If people who are not on stand-by are being pulled into things consistently after hours, it is a reflection of bad planning, or lack of planning. For example, there should be a SOC operating 24/7. Each support team should have a stand-by person (who should not make family plans or go on vacation whilst on stand-by).”
Addressing these challenges, the security professionals pointed to skills development, managed services and AI tools as potential solutions to the burnout problem.
Mafuwafuwane said: “There is a broad and deep ecosystem of security service providers that can support any range of cybersecurity capabilities, much more so than there were five years ago, in very cost-effective ways, and these providers have relevant skills through shared model best practices.”
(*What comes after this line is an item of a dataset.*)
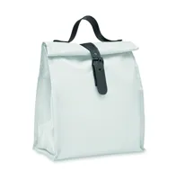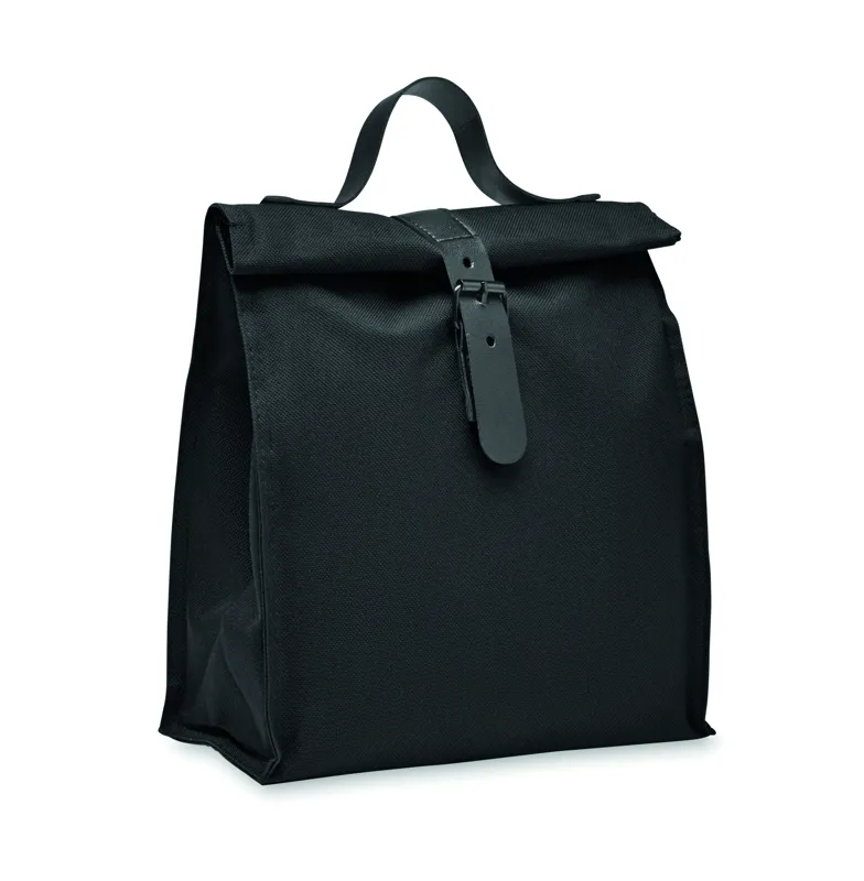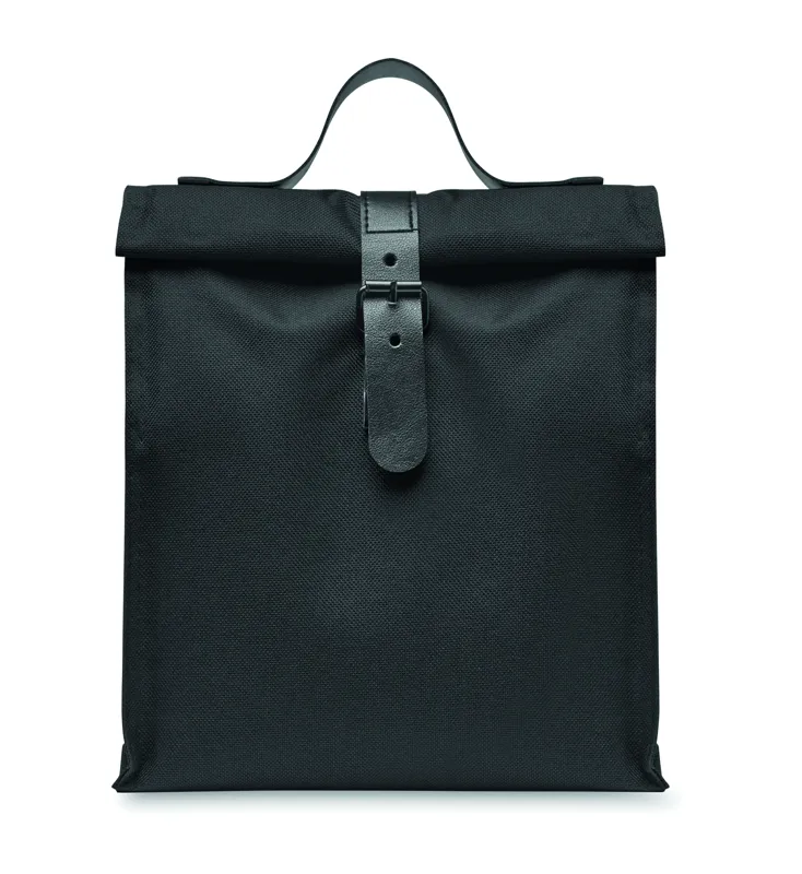 600D RPET poliészter, rolltop csavart záródású uzsonnás hűtőtáska PU fogantyúval és csatos pánttal. Szigetelés: 3 mm-es PE hab PEVA-val.

Naidoo said: “We have enhanced our talent continuity plans, by introducing a formal mentorship programme to increase the competency of staff members at all levels. This is a long-term investment, to also ensure that we give staff members the opportunity to identify mentors and coaches that they can work with over an extended period. In addition, we have had an internship programme, since 2017, and that has certainly helped bring in young people, and more importantly assist in reducing the skills shortage.”
Prof Thomson said: “Due to the cybersecurity skills shortage, both in South Africa and globally, there is a lot of focus on encouraging people, and students in particular, to choose careers in cybersecurity – but are we doing enough to prepare them for the stresses and reality of what those careers entail? We must prepare students, our future cybersecurity professionals, not only with technical skills but also with the resilience and mental fortitude to thrive in this demanding field. Ultimately, a healthier cybersecurity workforce will lead to stronger digital defences.”